At a news conference on Friday, Dr. Chagla noted that many people who recently contracted COVID-19 during the Omicron surge were unable to access testing and therefore could not receive confirmation of a previous positive. Meanwhile, studies have shown people who have recovered can continue to test positive on PCR tests for several months, despite no longer being infectious.
This could mean that a traveller tests positive from a prior infection and is stuck in a foreign location left to deal with travel delays and financial penalties with no meaningful benefit, Dr. Chagla said.
“It’s going to lead to a lot of disruptions of travellers that, again, did the right thing and essentially could not get tested and have a molecular test document it before they return,” he said.
Currently, all travellers aged 5 and up returning to Canada by air must provide a negative molecular test, such as a PCR test, taken within 72 hours of their scheduled flights, or a positive test result taken between 10 and 180 days before entering the country. (The quicker, cheaper rapid antigen tests are not permitted.) Upon landing, some may be selected for randomized arrival testing.

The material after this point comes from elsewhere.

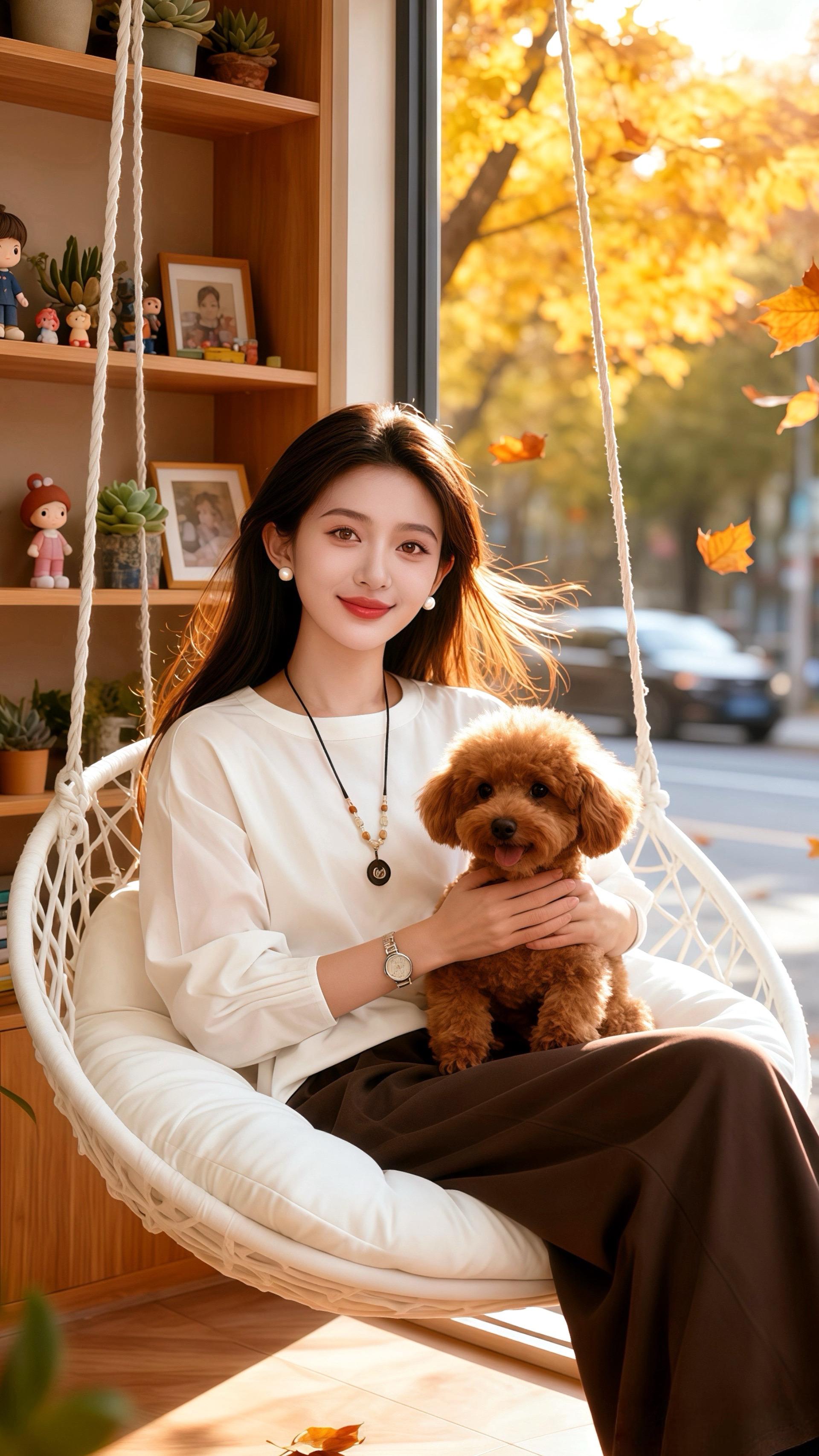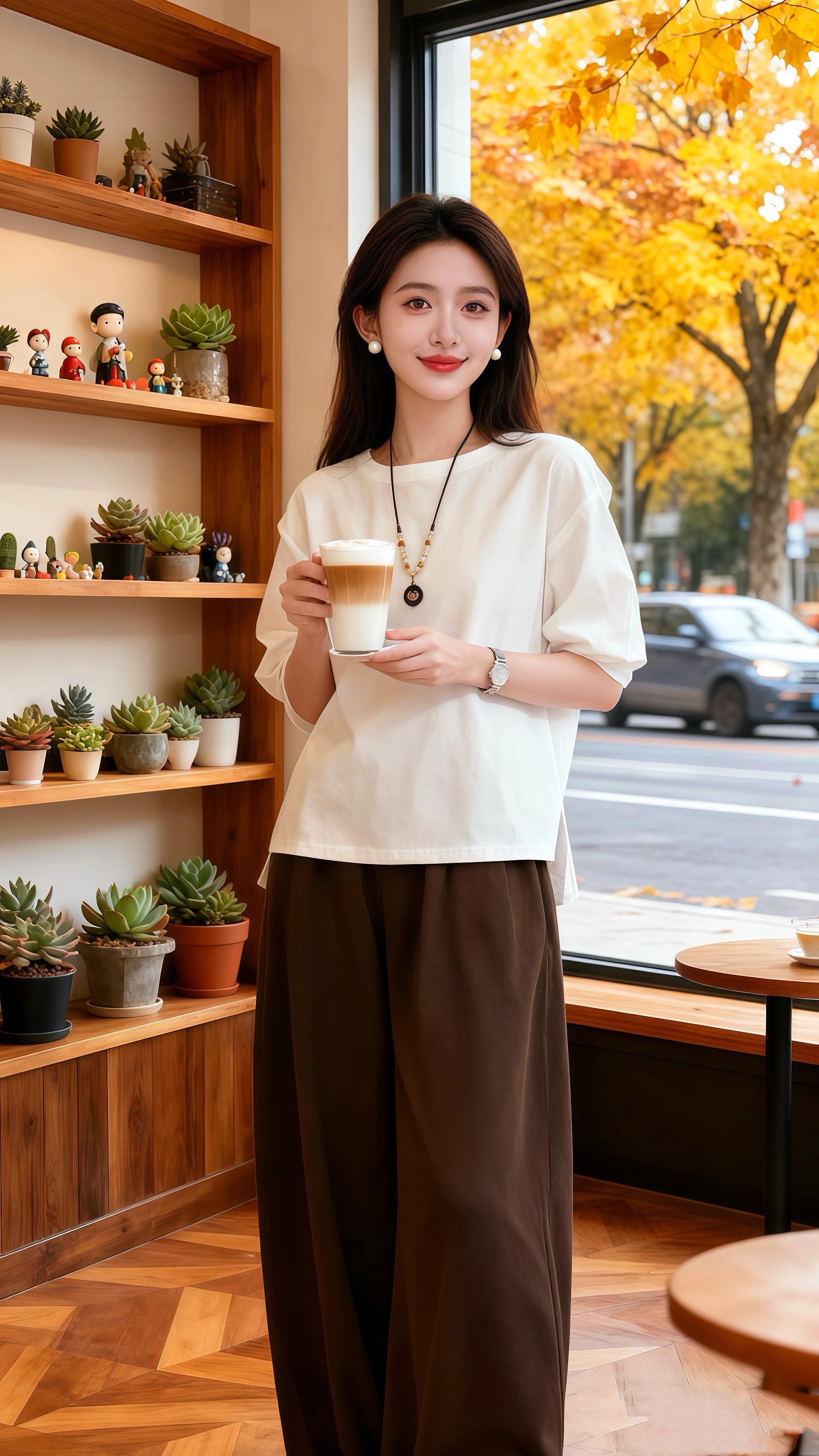 她来到常去的那家咖啡店,暖光下的多肉和秋日街景让她渐渐平静。她开始重新规划,像打理那些多肉一样,耐心培育新的事业。从清晨在窗边抱着书学习,到在吊篮里和小狗分享新的灵感,她一步一步走出阴霾。如今,她的工作室蒸蒸日上,这套衣服见证了她从迷茫到笃定的蜕变,也告诉每一个人:低谷只是暂时的,只要愿意出发,美好终会在前方等候。

In January, Dr. Tam noted that tracking every case was both unnecessary for surveillance and a “capacity drain on the system as a whole.”
“What is really important for the border is a really good random sample, where you are not just following Omicron, but following the other variants,” she said.
In the fall of 2020, researchers from the University of Toronto and McMaster University conducted a study involving more than 16,000 international passengers at Toronto Pearson International Airport to determine whether a 14-day quarantine period was necessary. (They concluded that 94 per cent of those who tested positive were identified by Day 7, and that a reduced quarantine period combined with testing can be as effective as a 14-day quarantine.)
Vivek Goel, the study’s lead author and now president of the University of Waterloo, noted that the study was conducted before vaccines and variants of concern, and said that developments since then have changed the utility of COVID-19 testing for air travel.
“If we continue to maintain requirements for all travellers to be vaccinated, the value of universal screening or testing is very limited,” he said.
Dr. Goel said it’s evident that testing will not keep new variants out of the country. With vaccines protecting air travellers from severe disease, a better use of the country’s limited testing resources would be random testing throughout the community to strengthen surveillance systems, he said.
Lisa Barrett, an infectious disease specialist and professor at Dalhousie University, said there is little point in testing every air traveller now because the virus is “everywhere.” However, testing at airports remains an important tool with which to monitor new variants.
“Places and spaces where people move are still good places to track the virus,” she said. “That does not mean that we need to use PCR [tests] all the time in the usual way, but we might want to take a sampling of PCR tests at those sites.”
If a country signalled that a new variant of concern had been detected, testing one out of every 10 passengers from that country could help Canada pick up on early signals, Dr. Barrett cited as an example. Travellers could also take those tests home to streamline the process at the airport.
“I don’t think there’s a defensible reason why we wouldn’t keep that surveillance present,” she said.